A fast and efficient colocalization algorithm for identifying shared genetic risk factors across multiple traits.

Affiliation

Foley CN(1)(2), Staley JR(3)(4), Breen PG(5), Sun BB(3), Kirk PDW(6), Burgess S(6)(3), Howson JMM(3)(7)(8).
Author information:
(1)MRC Biostatistics Unit, Cambridge Institute of Public Health, University of Cambridge, Cambridge, CB2 0SR, UK. [Email]
(2)Cardiovascular Epidemiology Unit, Department of Public Health and Primary Care, University of Cambridge, Cambridge, CB1 8RN, UK. [Email]
(3)Cardiovascular Epidemiology Unit, Department of Public Health and Primary Care, University of Cambridge, Cambridge, CB1 8RN, UK.
(4)MRC Integrative Epidemiology Unit, Population Health Sciences, Bristol Medical School, University of Bristol, Bristol, UK.
(5)School of Mathematics, University of Edinburgh, Kings Buildings, Edinburgh, EH9 3JZ, UK.
(6)MRC Biostatistics Unit, Cambridge Institute of Public Health, University of Cambridge, Cambridge, CB2 0SR, UK.
(7)National Institute for Health Research Cambridge Biomedical Research Centre, University of Cambridge and Cambridge University Hospitals, Cambridge, UK.
(8)Department of Genetics, Novo Nordisk Research Centre Oxford, Oxford, UK.

Abstract

Genome-wide association studies (GWAS) have identified thousands of genomic regions affecting complex diseases. The next challenge is to elucidate the causal genes and mechanisms involved. One approach is to use statistical colocalization to assess shared genetic aetiology across multiple related traits (e.g. molecular traits, metabolic pathways and complex diseases) to identify causal pathways, prioritize causal variants and evaluate pleiotropy.
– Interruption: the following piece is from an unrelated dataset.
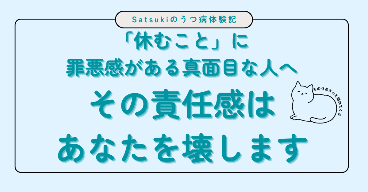ストレスフルな状況で、身体は鉛のように重いのに、「休むこと」に強烈な罪悪感を感じたことはありませんか? 誰にも迷惑をかけられない、私がいなきゃ仕事が回らない――そう思って、あなたの心身を一番に壊したのが、その「イカれた責任感」ではないでしょうか。

We propose HyPrColoc (Hypothesis Prioritisation for multi-trait Colocalization), an efficient deterministic Bayesian algorithm using GWAS summary statistics that can detect colocalization across vast numbers of traits simultaneously (e.g. 100 traits can be jointly analysed in around 1 s). We perform a genome-wide multi-trait colocalization analysis of coronary heart disease (CHD) and fourteen related traits, identifying 43 regions in which CHD colocalized with ≥1 trait, including 5 previously unknown CHD loci. Across the 43 loci, we further integrate gene and protein expression quantitative trait loci to identify candidate causal genes.